Ci sono venuti incontro gli Stati Uniti, la Norvegia, il Qatar, gli Stati del Golfo, l’Algeria, l’Egitto e l’Azerbaijan. L’Europa ha anche aumentato di circa 20 GW la capacità installata di energia da fonti rinnovabili, qualcosa come altri 4 miliardi di metri cubi di gas russo risparmiato. Ma non basta.

Il rischio rimane molto concreto e la Commissione chiede dunque anche il risparmio del 15% del gas consumato dai Paesi membri, praticamente circa 45 miliardi di metri cubi di gas.

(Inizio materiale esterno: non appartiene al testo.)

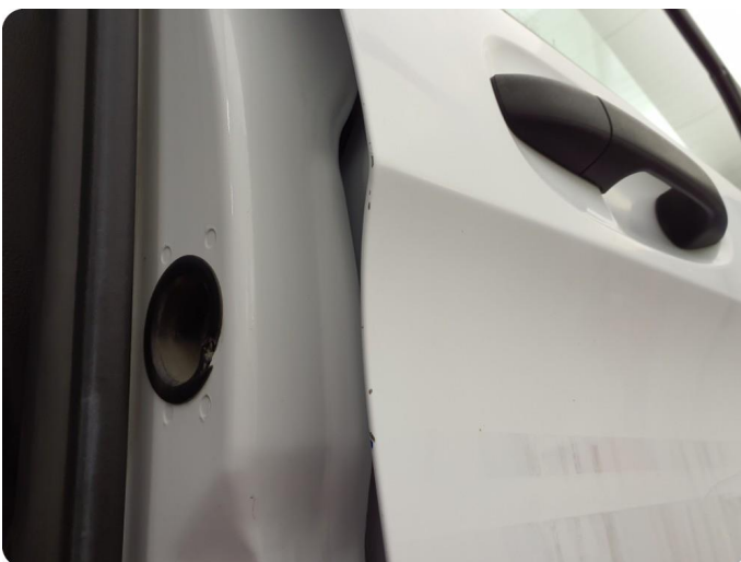
3.3 Ripe ned til grunning Tillegg rust og bulker

Gas, la sfida impone politiche coordinate

La solidarietà tra gli Stati membri sarà essenziale. Resta però una richiesta impegnativa e non a caso diversi Paesi si sono già opposti a questo invito al taglio del 15% e altri stanno cercando di ottenere uno status di eccezione nelle nuove politiche di austerità energetica. Politico contava pochi giorni fa i ministri di Polonia, Portogallo, Spagna, Cipro e Grecia, tra i contrari a tagli vincolanti. Anche Italia e Ungheria avrebbero espresso preoccupazione per la proposta.

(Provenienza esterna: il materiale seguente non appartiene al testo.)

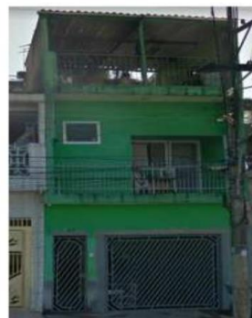
R. Magnólia Azul, 183, São Paulo - SP

D’altronde 45 miliardi di metri cubi sono più o meno come il consumo annuale di gas della Francia, è un sacrificio importante, anche se già 12 Paesi membri hanno subito degli impatti sui flussi del gas russo e probabilmente presto ci saranno tagli ancora maggiori. Così si mette al lavoro la diplomazia, oggi è previsto un altro round di negoziazioni.

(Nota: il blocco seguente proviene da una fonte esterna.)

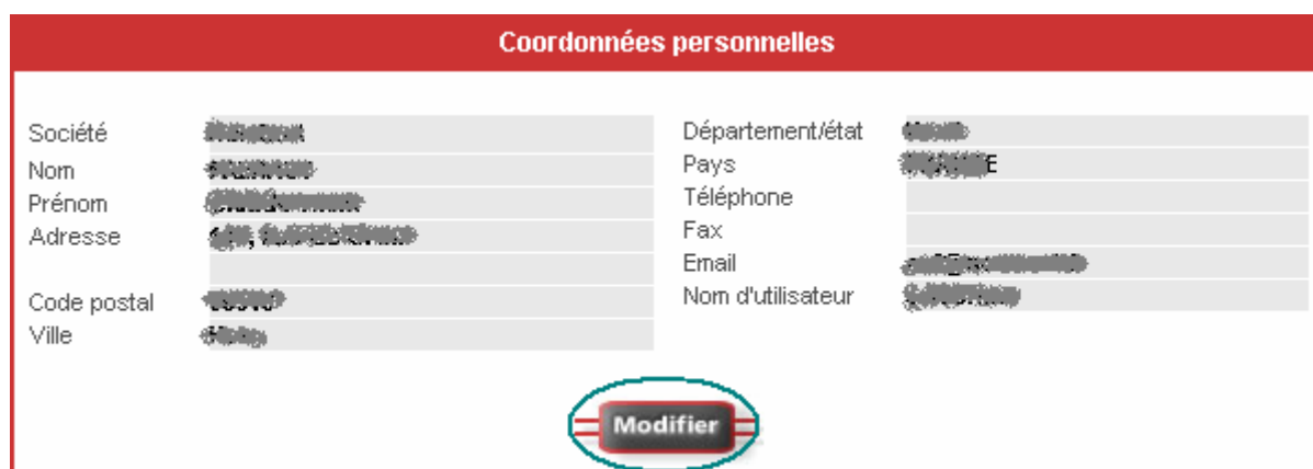
Figure 3 : Coordonnées personnelles

Etape 3 : Cliquez sur le bouton Modifier .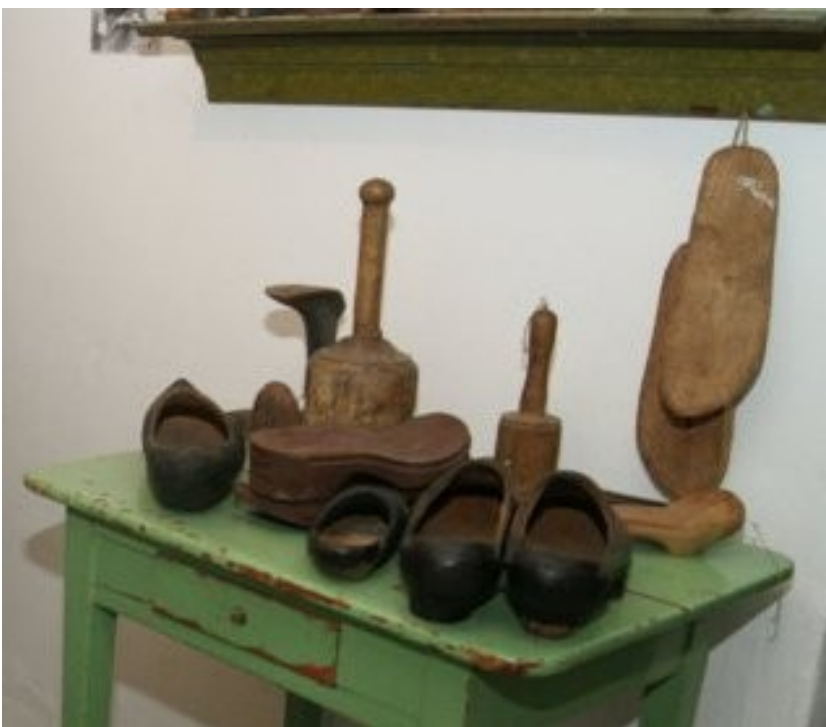
De færdige produkter, fra v. en gammeldags spidstræsko, så en industrifremstillet træskobund, og bag den det vigtige værktøj kollen. Foran en træsko i barnestørrelse, og endelig to mere moderne træsko.

La Spagna, uno dei pochi Paesi che non dipendono dalle importazioni di gas russo, si oppone fermamente alla proposta della Commissione UE, ma dà anche voce a molte cancellerie che non vedono di buon occhio un passaggio di sovranità all’Europa sull’energia. Delle eccezioni d’altronde sono inevitabili, come l’Irlanda o Malta, che non si basano sulle reti europee del gas. Nessuno però mette davvero in dubbio che servano enormi sforzi di coordinazione tra i vari Paesi membri per superare la crisi. La solidarietà tra vicini europei può fare una differenza di diversi punti di Pil tra le varie economie.

Gas: cosa dice l'FMI

Di recente il Fondo Monetario Internazionale ha sottolineato questo aspetto con proiezioni sul taglio del Pil europeo in caso di interruzione dei flussi russi: per l’Italia, uno dei Paesi più colpiti dopo i Paesi centrali europei, si calcolavano impatti tra i 3,5 e i 5,5 punti percentuali di Pil in caso di approccio europeo frammentato e impatti tra 0,5 e 2 punti percentuali in caso di approccio europeo integrato. Ma gli Stati Membri saranno davvero in grado di condividere i sacrifici e gli impatti della crisi? Sarebbe una magnifica prova, ma qualche dubbio resta.

Anche l’Agenzia Internazionale dell’Energia (IEA) ha richiamato l’Europa ad azioni coordinate “essenziali per prevenire una crisi del gas peggiore”. Secondo l’Agenzia però un taglio totale del gas russo, anche in caso di riserve colme al 90%, non scongiurerebbe a febbraio e marzo grossi problemi di approvvigionamento.

Il Financial Times ha consultato una bozza nella quale sarebbero standardizzati solo i tagli facoltativi, mentre per quelli obbligatori si dovrebbe tenere conto di tanti fattori diversi, dalla dipendenza dal gas russo al livello delle scorte. Un minimo di 5 stati europei potrebbe lanciare un allarme comune che farebbe scattare i limiti obbligatori. Senza un accordo condiviso però sembra improbabile che questi meccanismi, per quanto razionali, possano essere attivati e gestiti efficacemente.